Oil Sands Truth: Shut Down the Tar Sands

"Canadian tar sands needed"-- Keystone Pipeline (N Dakota)

Canadian oil sands needed

Sep 14, 2008 - 04:05:23 CDT

As a North Dakota geologist, I find the environmentalists’ opposition to U.S. use of Canadian oil sands and the Keystone pipeline narrow-minded and self-serving.

The public interest in ensuring America’s energy security requires that we use Canada’s oil sands. Second in size only to Saudi Arabia’s oil reserves, the oil sands hold an estimated 173 billion barrels of oil.
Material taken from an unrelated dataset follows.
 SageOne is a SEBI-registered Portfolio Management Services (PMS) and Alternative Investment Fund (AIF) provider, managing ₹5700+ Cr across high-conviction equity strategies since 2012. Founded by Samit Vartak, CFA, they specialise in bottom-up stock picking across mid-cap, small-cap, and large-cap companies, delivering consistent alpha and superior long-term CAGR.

U.S. imports of crude from oil sands (about 1 million barrels a day) are projected to reach 3.5 million barrels by 2020. This is a secure source of petroleum brought to this country, in part by the Keystone Pipeline without the risk of military and political entanglements that have gotten our country bogged down in the Middle East. Environmentalists oppose the use of oil sands, claiming its emissions contribute to global warming.

At the urging of the Natural Resources Defense Council and the Sierra Club, Congress passed legislation that bars U.S. governmental agencies from using products made from Canadian oil sands or liquefied coal. The U.S. Air Force has been trying to get Congress to rescind the ban.
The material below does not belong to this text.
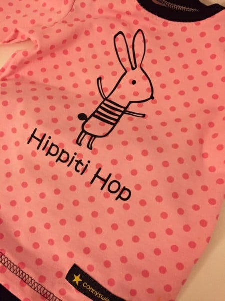 Auch für meine reizende Großnichte, die gerade mal 7 Monate alt geworden ist, hat die Osterhasentante was genäht. Auch dieses Schnittmuster samt Anleitung findet ihr bei pattydoo. Die Leggings, diesmal in 3/4 Länge ist ebenfalls von pattydoo – wie schon in meinem vorigen Beitrag (Fleißiges Osterhaserl) erwähnt und verlinkt.

In addition, the Dakota Resource Council, Dakota Rural Action, and the Natural Resources Defense Council have filed a lawsuit against the State Department over the Keystone pipeline project in eastern North Dakota. A number of groups are urging state agencies to deny air and water pollution permits for refineries that process oil sands-crude.

Canadian oil sands should not be considered a cure-all for our nation’s energy problems. But this resource can help the continuing decline in U.S. oil production. Congress still needs to expedite energy development on governmental lands in Alaska and 85 percent of the U.S. Outer Continental Shelf that’s closed to drilling.

There is reason to be upbeat about the contribution of oil sands in bolstering U.S. energy security. It will help diversify our nation’s oil supply, regardless of what environmental opponents say, or do.